Nelson County Gazette

Wednesday, Sept. 26, 2012 — A Lexington taxi company’s interest in establishing service in the Bardstown area sparked a discussion that examined local government’s role in how a business sets its rates at Tuesday’s meeting of the Bardstown City Council.

The council received a draft of an ordinance to revise Chapter 111 of the city’s ordinance book that regulates taxicabs.

Bardstown City Council Mayor Bill Sheckles said the review of the taxicab ordinance was initiated partly due to a Lexington company’s interest in establishing a taxi service in Bardstown. Larry Green, assistant city administrator, said he examined several cities’ taxi ordinances, including the one used in Lexington, in drafting the proposed ordinance.

The new ordinance, like the original, provides specific limits on the maximum charges a taxi company can charge consumers — a fact that did not go unnoticed by members of the council.

Councilman Fred Hagan noted the city’s current ordinance sets rates and questioned why the council was involved in a taxicab’s business decisions. “Why are we dictating what their maximum rates can be?
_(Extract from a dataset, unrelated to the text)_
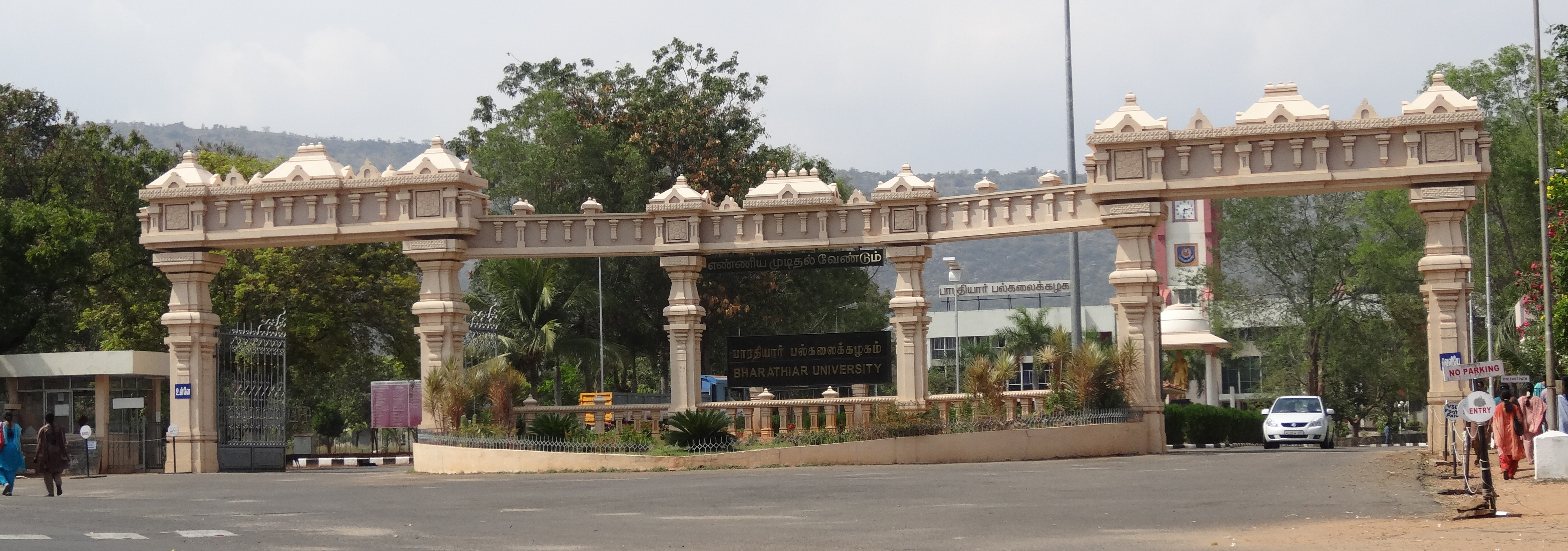 Entrance of Bharathiar University Coimbatore, India

What’s the purpose of that?” Hagan asked.

City attorney Tom Donan suggested the rate in the ordinance would help prevent price gouging during a big event, like the Kentucky Bourbon Festival.

“We don’t tell Kreso’s what they can charge for a beer during the Bourbon Festival,” Hagan observed.

Public Works Director Larry Hamilton said that perhaps the purpose was to ensure the taxicab rates were known and published.

“I don’t mind requiring they publish the rates, but this sets the maximum they can charge,” Hagan said, adding that some of the ordinance requirements “seem almost Orwellian.”

“I know this is copy brought from some other cities, but I just wonder why this particular has so many restrictions on it that others do not,” Hagan said.

City Attorney Tom Donan suggested it was to protect potential passengers who might otherwise fall victim to price gouging. Green added that for some people, paying for a taxi may be their only option for transportation.

“I don’t mind having the rates posted and published, but its the setting the maximum rate (the taxi can charge),” Hagan said.

“I’m in agreement with Fred on this,” Councilman Joe Buckman added. “I don’t think we should be telling a business what they can charge.”

“These are basically industry standards,” the mayor said. “But this is why I wanted you all to discuss it.”

Sheckles said the rates in the proposed ordinance are rates met the approval of the Lexington taxi company.

The city’s existing taxicab ordinance was approved by the city council in January 1948 and was amended in December 1975 and November 1997.

The council took no action, but will review the ordinance at a future meeting.